I am in Calgary visiting a long-standing girlfriend and it has been wonderful to catch up and have some quality “girl time”. We have been around for numerous events in each other’s lives, but  it’s nice to enjoy everyday things together too. One of the reasons I always knew we could be good friends was how we could operate in a kitchen together.  From a simple cup of coffee (or tea, now as we get older and don’t tolerate the caffeine :)) to a full -fledged family meal or even entertaining, we can putter away together and always come up with something that tastes wonderful and looks great, and we have fun doing it. Not only are we nourished by the food, but also by the company.

Perhaps it is a mutual love of dance that helps us understand the way people need to weave in and out of a kitchen, orchestrating movements so that they are efficient and also harmonious. Maybe it is simply the love of life we share, that need to make the most of moments as they happen and take in all the magic they have to offer. Summing up a moment with a toast at the table is a wonderful way to ensure that memory is catalogued for future enjoyment.

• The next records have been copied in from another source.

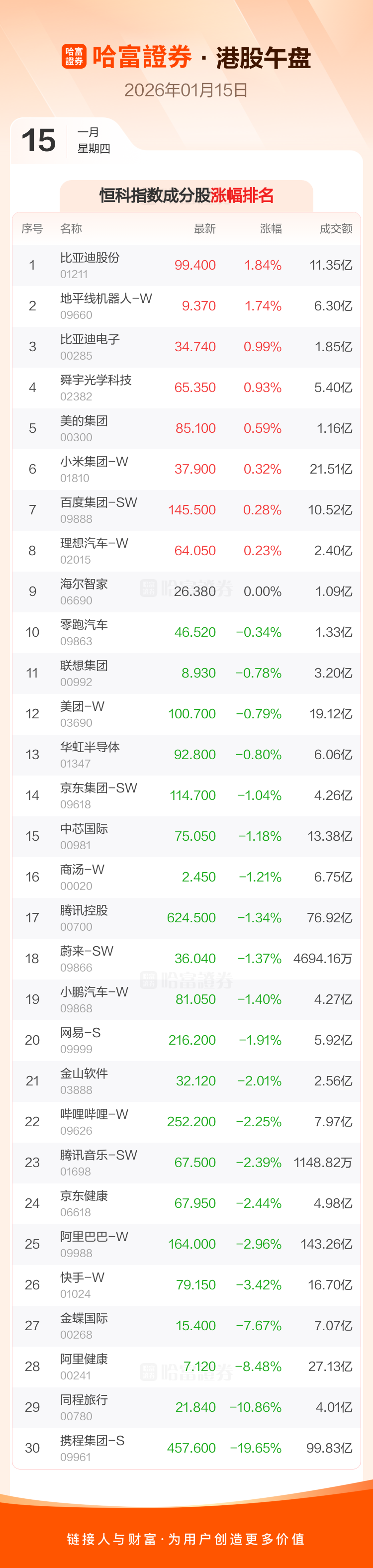 港股1月15日午盘走低 ,恒生指数收报26852.31点,跌147.5点,跌幅0.55%;恒生科技指数收报5800.32点,跌107.94点,跌幅1.83%。恒生指数成分股中中国海洋石油、新鸿基地产、申洲国际涨幅居前,携程集团-S、阿里健康、快手-W跌幅靠前。恒生科技指数成分股中比亚迪股份、地平线机器人-W、比亚迪电子涨幅居前,携程集团-S、同程旅行、阿里健康跌幅靠前。
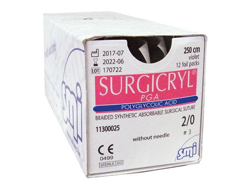 Suture in acido poliglicolico, multifilamento intrecciato e rivestito, colore viola.
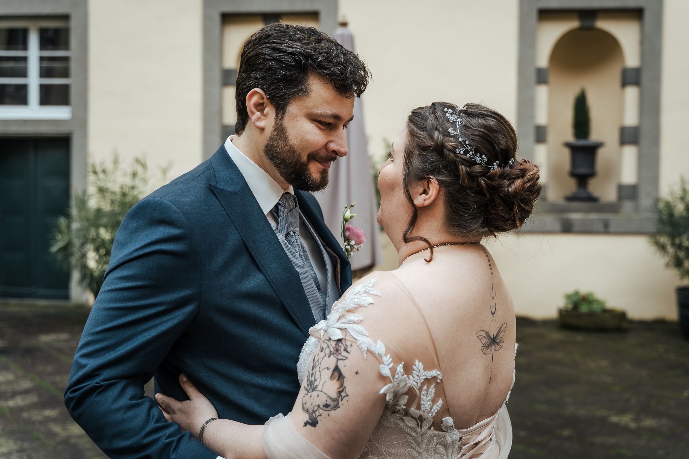 Die Hochzeit von Sara und Tim war ein wundervolles Beispiel dafür, wie persönlich, herzlich und emotional eine standesamtliche Trauung sein kann. In der traumhaften Kulisse der Burg Adendorf in der Gemeinde Wachtberg gaben sich die beiden im engsten Kreis das Ja-Wort – ein Tag voller echter Momente und großer Gefühle.
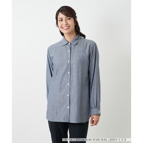 異なる二つのデザインが楽しめる、リバーシブル仕様のシャツブラウス。表側はクリーンで知的な印象のストライプ柄、裏側は秋らしいシックなタータンチェック柄です。その日の気分やコーディネートに合わせて、お好みで着こなしが楽しめます。ゆったりとしたシルエットと、後ろ身頃のギャザーが、リラックス感と女性らしい柔らかな雰囲気を演出。一枚で着るのはもちろん、軽い羽織りとしても活躍する、着回し力抜群のアイテムです。
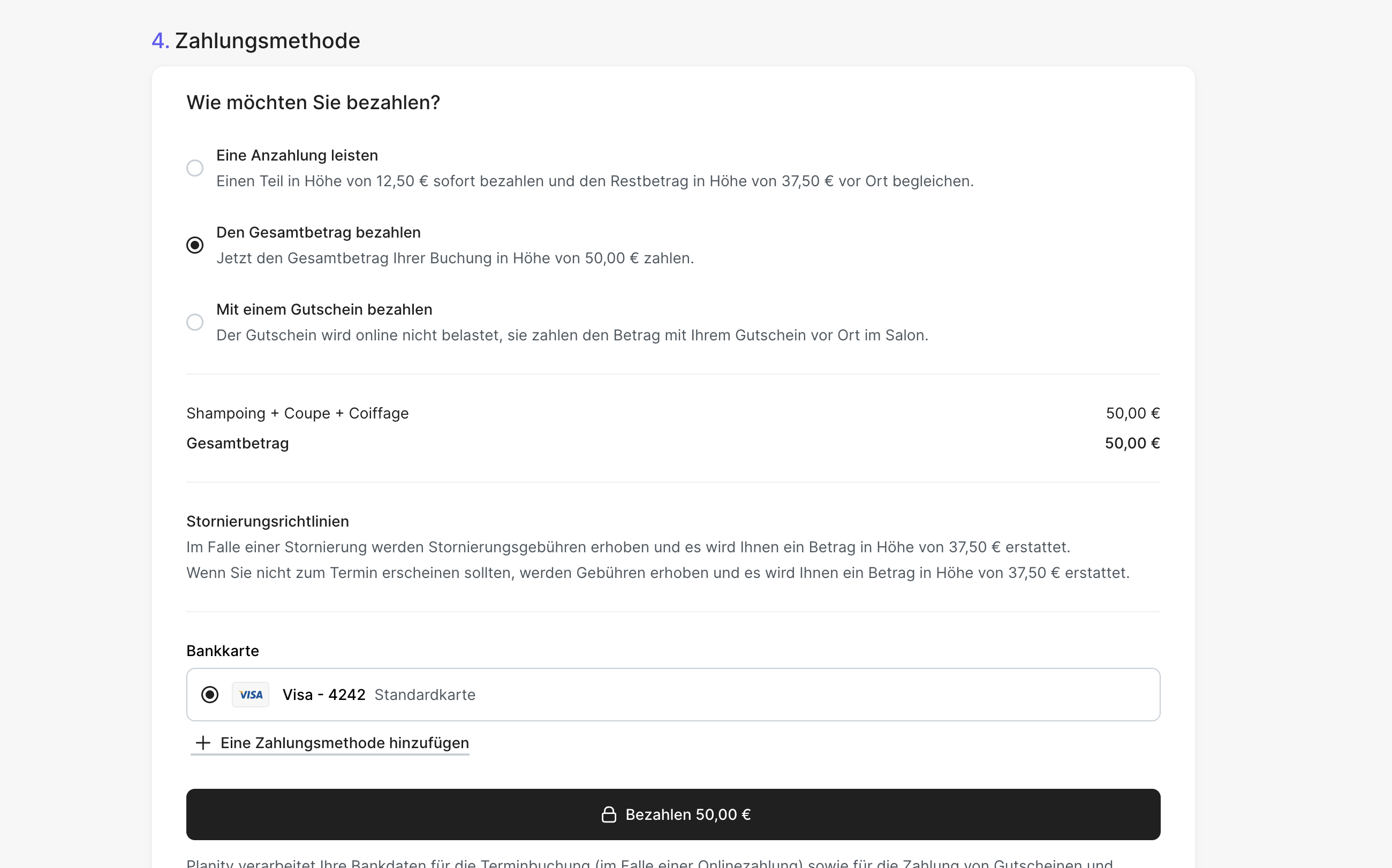 Auf planity.com kann Ihr Kunde nun seinen Termin im Voraus bezahlen, wenn die Vorauszahlung aktiviert ist.

It could be that we both come by our love of the kitchen honestly, too… both of our Moms have spent a lot of time there over the years and I think the smell of good food growing up does affect your brain. When you have a Mom who combines the practicality of cooking for a family with the desire to ensure the food is enjoyed as an experience, then you have a perfect recipe for success. I was thrilled to be able to spend time with Sue’s mom, Alice, on this trip – we spent a thoroughly enjoyable time at Heritage Park, having brunch, singing carols, petting reindeer, and hearing all kinds of great stories – many from pioneer kitchens. (I’ll be posting the awesome pictures as soon as I get home.)

I will be posting more on my trip to my old stomping ground in the coming week – Calgary has become a great city for us gourmands. Now I am off to lunch!